A man sat down beside me. He wore sunglasses dark as the clouds I wished to summon and a black cap covered his long brown hair. I watched him lean on his knees, take off his cap and tussle his hair in the heat. He was uncomfortable in the sunshine, just like me.

He looked down at me and smiled. I smiled back, but I’m not sure he saw. He picked me up, undid my bow and shook out my arms. I laughed as he let me flop around in the air. Then, with a sharp click, I straightened into a military salute, ready for duty. He raised me above his head and smiled as I protected him from the brightness and heat.

He stood and continued his walk as I stood proudly above his head. We made a strange pair, the man all in black, and I, the protective soldier. We walked together until the sun set low below the skyline.

Loyal as I am, I defended him until my last rainfall.

Adriana Loewen is a Grade 12 student at Glebe Collegiate Institute.

Lettuce turnip the beet

By Roark Smeathers

lettuce_bw Emily was a very fruitful person. Every day she would try to eat every type of fruit. She would even eat the fruit she didn’t like very much because she didn’t want them to feel left out. Emily always wore very bright and extravagant colours and her hair was dyed all the colors of the rainbow. In her hair, twirled into a curl held in place with an elastic, was a cork from a wine bottle. Of course Emily made the wine from fresh grapes found in her garden.

Emily’s garden was grand. Some would say it resembled the Garden of Eden.
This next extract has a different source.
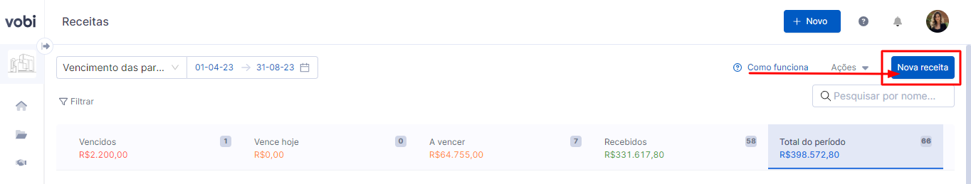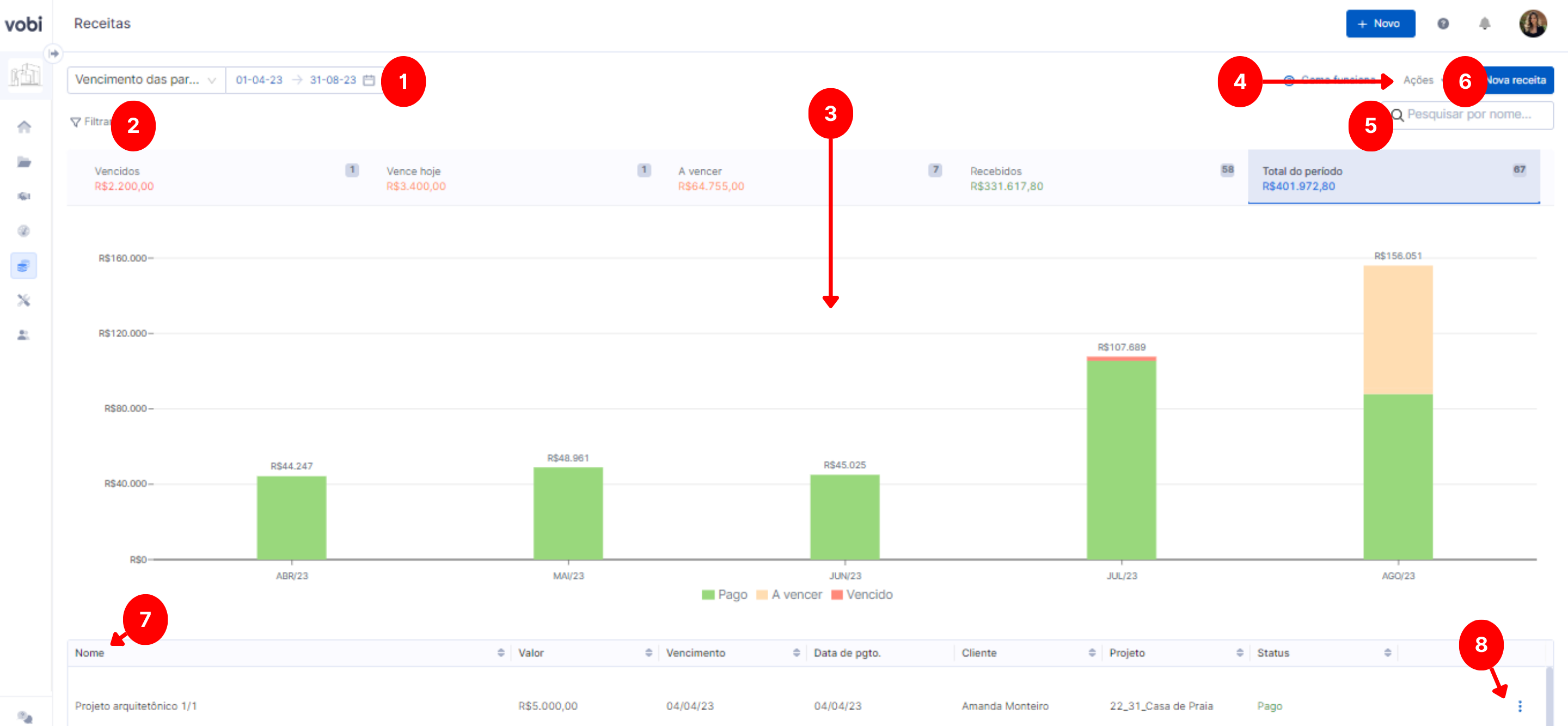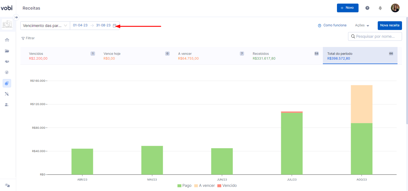 Ver gráficos específicos das parcelas nos filtros de apoio, como: Vencidos, Vence hoje, A vencer, Recebidos e Total do período - conforme indicado na imagem a seguir

Her garden was the apple of her eye. Emily was one of the kindest people on the face of the earth. She was considered to be one in a melon, but Emily was also very naive. One day Emily decided she wanted to throw a large party and invited all of her friends at Glebe high school to attend.
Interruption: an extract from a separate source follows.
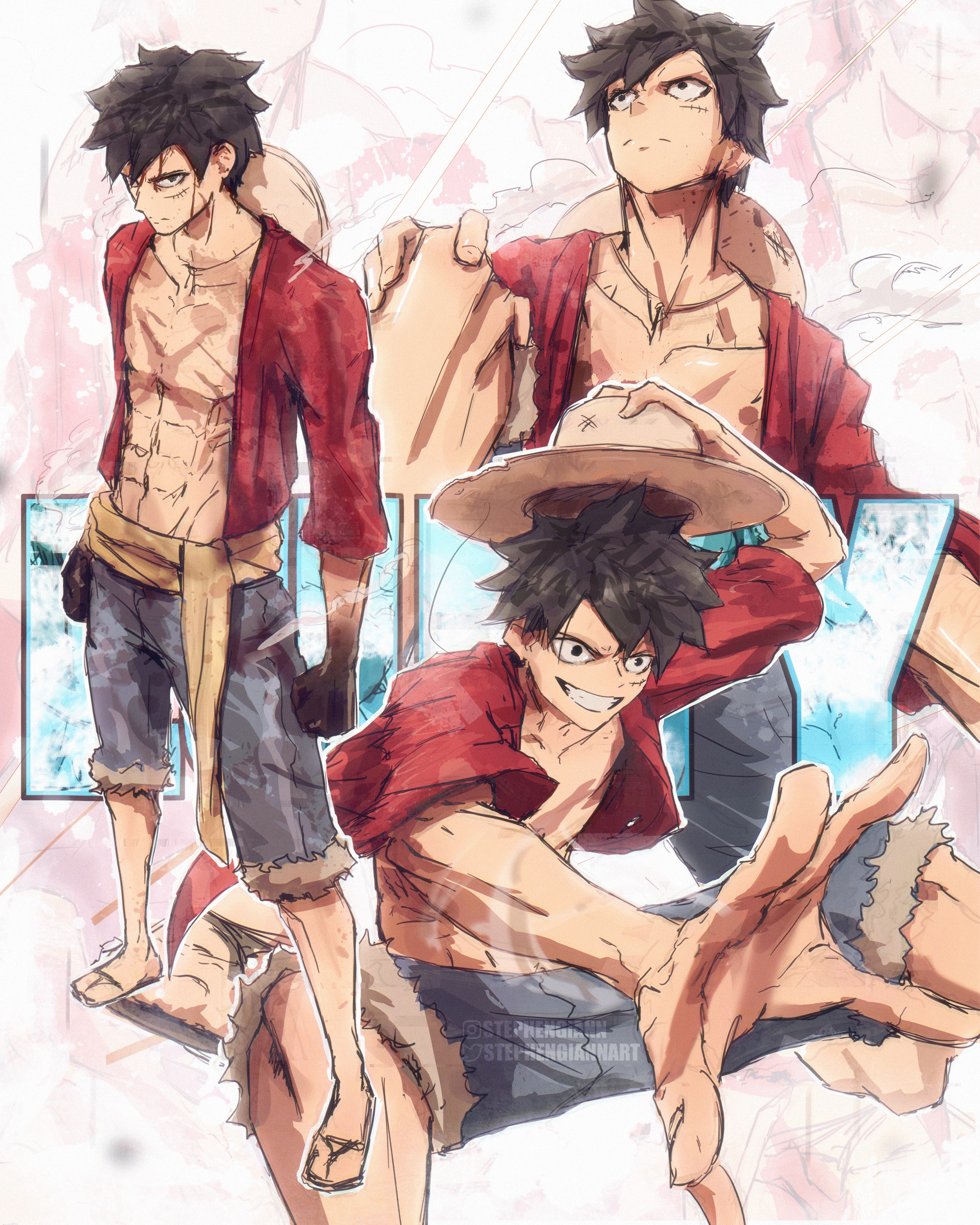 1boyabsblue shortsclenched teethfull bodyhaki (one piece)hatinstagram logoinstagram usernamemale focusmultiple viewsopen clothesopen shirtred shirtsandalssashscarscar across eyescar on faceshirtshortssmilestraw hatteethtwitter logotwitter usernameyellow sash

On Saturday she spent the entire day preparing for the party. She put out fruit punch, and prepared individual fruit baskets for her guests. Closing the garden doors, she made sure her garden was off limits to her guests. At first Emily was worried no one would turnip and her party would be a fruitless endeavour, but soon enough her home was flooded with people. The party was crazy with people playing Pass the Parsley in the living room and the game of Hide and Leek was getting out of control. The news of this amazing party spread quickly through the grape vine, and soon the entire neighbourhood knew about it. As the party rapidly increased in size, party guests did not have mushroom to move, so the party naturally spilled out into the garden. People started picking and eating the fruit and vegetables Emily had grown. Emily was furious, and went completely bananas. As you might imagine the guests were shocked by her reaction. Usually Emily was quiet and reserved and never showed a temper. This new side of Emily was unappealing, so people soon split.

There was one person who didn’t leave. In fact this person Emily had seen before but she thought he disliked her, as he never spoke to her. When Emily approached him, he smiled a crooked smile and explained he had always bean green with envy over her beautiful garden, and was sad to see it ruined. Together they hatched a plan to save the garden. A new friendship sprouted, “Lettuce start a new garden,” said the boy. Emily smiled, this day ended on a good note as they planned their first date.

Roark Smeathers is a Grade 12 student at Glebe Collegiate Institute.